The firms signed a deed-in-lieu of foreclosure, transferring over 1 City Boulevard West to TPG Real Estate Finance Trust, according to records filed with Orange County.
By signing the deed-in-lieu, often referred to as handing back the keys, Walton Street and Greenlaw were relieved of $64.2 million in unpaid debt. TPG declined to comment, while Walton Street and Greenlaw did not respond to requests for comment.
Walton Street and Greenlaw became delinquent on the TPG loan in November, according to data from Trepp. TPG originated the loan in 2019 and then packaged it into a collateralized loan obligation.
The companies bought the property in 2013, as part of a $110 million deal for the building plus an office site in Irvine. Walton Street owned a 95 percent stake in the property, while Greenlaw held the remaining 5 percent.
Then in 2022, the firms listed the building for sale, with an asking price of $100 million, or $285 per square foot.

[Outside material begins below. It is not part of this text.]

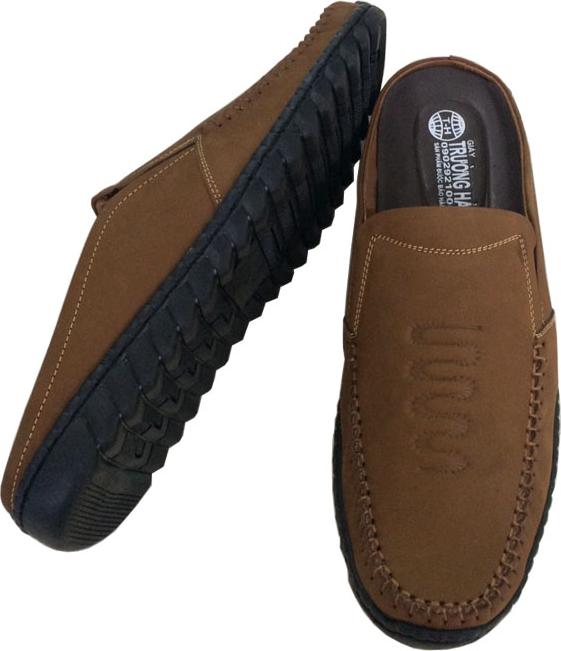 Dép bít mũi màu nâu Trường Hải da bò thật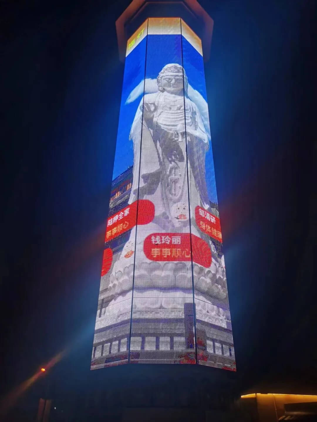 領(lǐng)導(dǎo)、印瑞法師、證道法師為觀音祈福燈揭幕。光明燈,運(yùn)用聲光電打造,日夜不同輪奐之美,佛光普照如臨意境,運(yùn)用超大曲面屏,結(jié)合佛學(xué)故事,佛教/佛陀起源等動(dòng)畫音/視頻,打造極樂(lè)之境。一點(diǎn)一位,成為信眾游客熱門打卡景點(diǎn)。

But the catch — the building was listed as an entirely vacant property.
The loan from TPG was floating-rate, meaning Walton Street and Greenlaw started struggling with debt payments after the Federal Reserve started hiking rates in 2022. By then, the firms had hit their rate cap of 5.55 percent and were paying monthly debts on an empty building.
Deeds-in-lieu are a common outcome for distressed real estate borrowers, through which an owner will transfer the title on the property and the lender refrains from filing a foreclosure action, which is costly and time-consuming.
And TPG, a frequent real estate lender, has not been afraid to foreclose on non-performing properties. In Los Angeles last month, TPG Real Estate Capital sold a 2.3-acre multifamily development site in Playa del Rey for $56 million, just months after foreclosing on the property.